Chronic Pain: New Research, New Treatments
WebMD talks to Scott M. Fishman, MD, president of the American Pain Foundation
Q: What new chronic pain treatments are you particularly excited about?
A: One has to do with teaching patients how to overcome their pain. We know
that the human mind can create pain but that it also has enormous power to take
it away; we can teach people skills that were known to Buddhists hundreds or
thousands of years ago.
It's the same focusing technique athletes use to help them improve their
performance. Take Lance Armstrong on that last hill of the Tour de France. Even
though his legs are burning, he can divert his attention from the pain to the
goal of performance. And you can do this with many different techniques. In
this case, he's used a cognitive technique to change the internal message,
"I'm hurting, I better stop" to "I better keep going but perform
differently." A pain psychologist teaches these techniques.

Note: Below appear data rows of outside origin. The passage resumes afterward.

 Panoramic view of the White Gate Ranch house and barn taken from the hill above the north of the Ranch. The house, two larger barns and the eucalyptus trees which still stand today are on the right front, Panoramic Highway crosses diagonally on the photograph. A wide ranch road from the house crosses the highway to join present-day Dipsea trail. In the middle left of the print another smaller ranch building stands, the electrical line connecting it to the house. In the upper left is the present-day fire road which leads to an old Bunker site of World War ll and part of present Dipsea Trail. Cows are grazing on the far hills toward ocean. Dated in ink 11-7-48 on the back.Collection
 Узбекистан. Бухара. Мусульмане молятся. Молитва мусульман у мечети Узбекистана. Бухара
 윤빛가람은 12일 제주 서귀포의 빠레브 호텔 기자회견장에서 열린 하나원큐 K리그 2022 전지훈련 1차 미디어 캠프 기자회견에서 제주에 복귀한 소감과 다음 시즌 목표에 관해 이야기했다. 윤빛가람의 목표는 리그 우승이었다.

What I tell my patients is that pain psychologists are really coaches.
They're not there to diagnose an illness but to help you learn techniques to
use your brain better -- just like you would go to a physical therapist to
learn techniques to use your body better. It's the same thing.

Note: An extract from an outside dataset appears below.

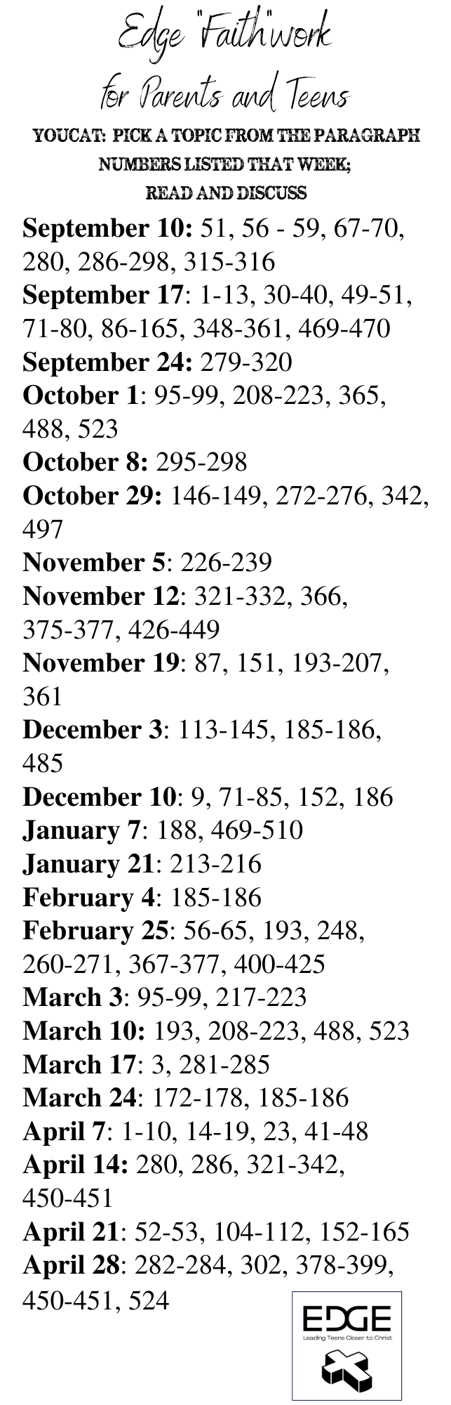 Please help our parish welcome our incoming Catholics in RCIA as they prepare for their Sacraments of Initiation.

Q: You're describing a mind/body way of dealing with chronic pain.
A: Yes. You can't have pain without a mind, so it's all connected. My
patients are always afraid I'm going to think their pain is all in their head,
that they have a mental illness rather than a
physical illness, and ignore the real problem. I try to counsel them that it's
quite the opposite, that any pain requires a mind and you can't have pain
without a head; so recognizing that opens up all sorts of opportunities to help
cope and reduce suffering.
I think of mind/body approaches as techniques that tap into the body's own
pharmacy. Things like mindfulness and biofeedback and cognitive behavioral
retraining, or guided imagery, even self-hypnosis. Things like acupuncture and
massage. We don't know how these
things work but we're certain they're helpful.
Q: What new chronic pain drugs are in the pipeline?
A: I'm very pleased we are coming up with ways to deliver drugs that are
less of a burden on patients. There are now several long-acting (also called
sustained-release) products that patients don't have to take every three or
four hours and be constantly thinking about when to take the next pill.